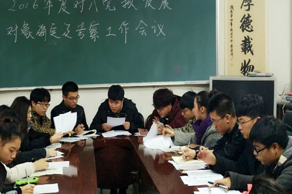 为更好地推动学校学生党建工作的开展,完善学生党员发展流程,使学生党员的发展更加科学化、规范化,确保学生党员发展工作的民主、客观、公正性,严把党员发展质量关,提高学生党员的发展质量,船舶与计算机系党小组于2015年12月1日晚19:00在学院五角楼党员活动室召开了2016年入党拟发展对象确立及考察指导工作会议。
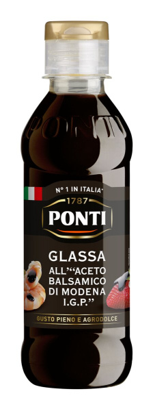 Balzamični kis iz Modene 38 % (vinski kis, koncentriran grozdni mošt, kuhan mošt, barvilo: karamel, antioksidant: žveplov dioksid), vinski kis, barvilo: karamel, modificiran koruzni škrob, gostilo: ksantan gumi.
--
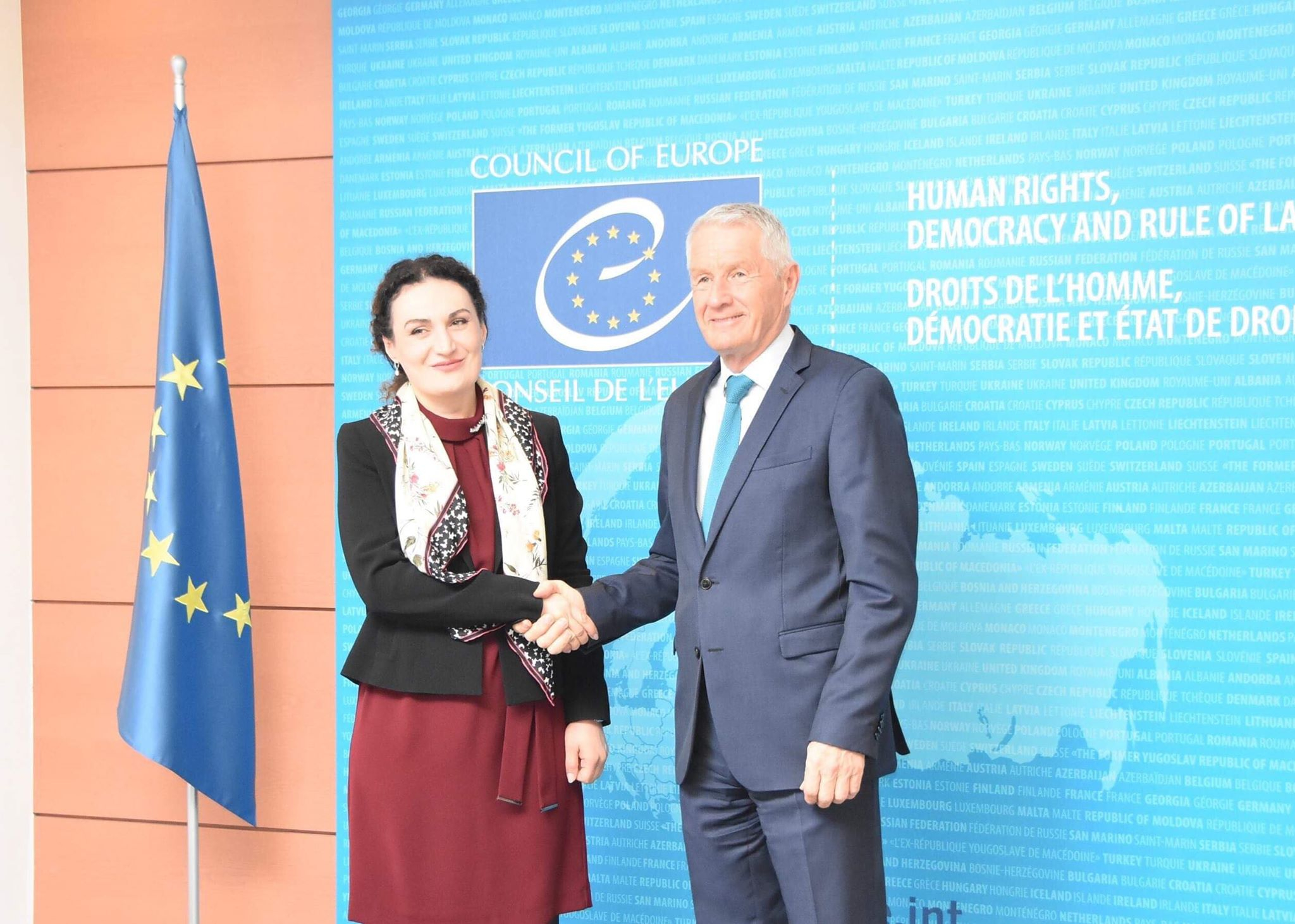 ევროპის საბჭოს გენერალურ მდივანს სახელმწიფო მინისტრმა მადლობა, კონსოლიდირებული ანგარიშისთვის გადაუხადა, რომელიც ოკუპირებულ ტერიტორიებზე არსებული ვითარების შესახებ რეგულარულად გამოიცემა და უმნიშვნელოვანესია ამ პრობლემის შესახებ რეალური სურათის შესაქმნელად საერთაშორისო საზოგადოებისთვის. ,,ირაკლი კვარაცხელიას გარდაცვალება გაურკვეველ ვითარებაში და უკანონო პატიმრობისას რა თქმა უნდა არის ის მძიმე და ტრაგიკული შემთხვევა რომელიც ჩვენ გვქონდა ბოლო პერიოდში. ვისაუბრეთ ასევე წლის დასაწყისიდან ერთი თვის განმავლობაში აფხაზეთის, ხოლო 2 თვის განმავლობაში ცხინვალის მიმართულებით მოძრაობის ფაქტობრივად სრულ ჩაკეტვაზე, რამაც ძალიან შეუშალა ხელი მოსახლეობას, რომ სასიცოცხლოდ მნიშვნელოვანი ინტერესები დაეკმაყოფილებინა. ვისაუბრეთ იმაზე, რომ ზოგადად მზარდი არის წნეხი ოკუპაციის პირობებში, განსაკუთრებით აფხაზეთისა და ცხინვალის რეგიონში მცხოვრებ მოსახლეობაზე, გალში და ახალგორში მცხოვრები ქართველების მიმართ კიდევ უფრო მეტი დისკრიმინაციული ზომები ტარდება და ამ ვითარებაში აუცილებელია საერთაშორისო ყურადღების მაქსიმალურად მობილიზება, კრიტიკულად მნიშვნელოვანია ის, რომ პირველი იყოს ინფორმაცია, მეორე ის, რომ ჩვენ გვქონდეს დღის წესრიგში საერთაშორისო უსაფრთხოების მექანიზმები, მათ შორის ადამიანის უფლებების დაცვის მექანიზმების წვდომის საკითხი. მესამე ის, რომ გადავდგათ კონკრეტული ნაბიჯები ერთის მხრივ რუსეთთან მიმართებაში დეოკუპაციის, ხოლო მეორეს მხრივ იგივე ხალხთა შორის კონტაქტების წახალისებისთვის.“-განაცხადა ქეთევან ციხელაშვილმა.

» Problem to work on:
Look above for the line with "为更好地推动学校学生党建工作" and the line with "Balzamični kis iz", then copy exactly the lines from the first through the second, both kept, with no pictures.

» Answer section:
 为更好地推动学校学生党建工作的开展,完善学生党员发展流程,使学生党员的发展更加科学化、规范化,确保学生党员发展工作的民主、客观、公正性,严把党员发展质量关,提高学生党员的发展质量,船舶与计算机系党小组于2015年12月1日晚19:00在学院五角楼党员活动室召开了2016年入党拟发展对象确立及考察指导工作会议。
 Balzamični kis iz Modene 38 % (vinski kis, koncentriran grozdni mošt, kuhan mošt, barvilo: karamel, antioksidant: žveplov dioksid), vinski kis, barvilo: karamel, modificiran koruzni škrob, gostilo: ksantan gumi.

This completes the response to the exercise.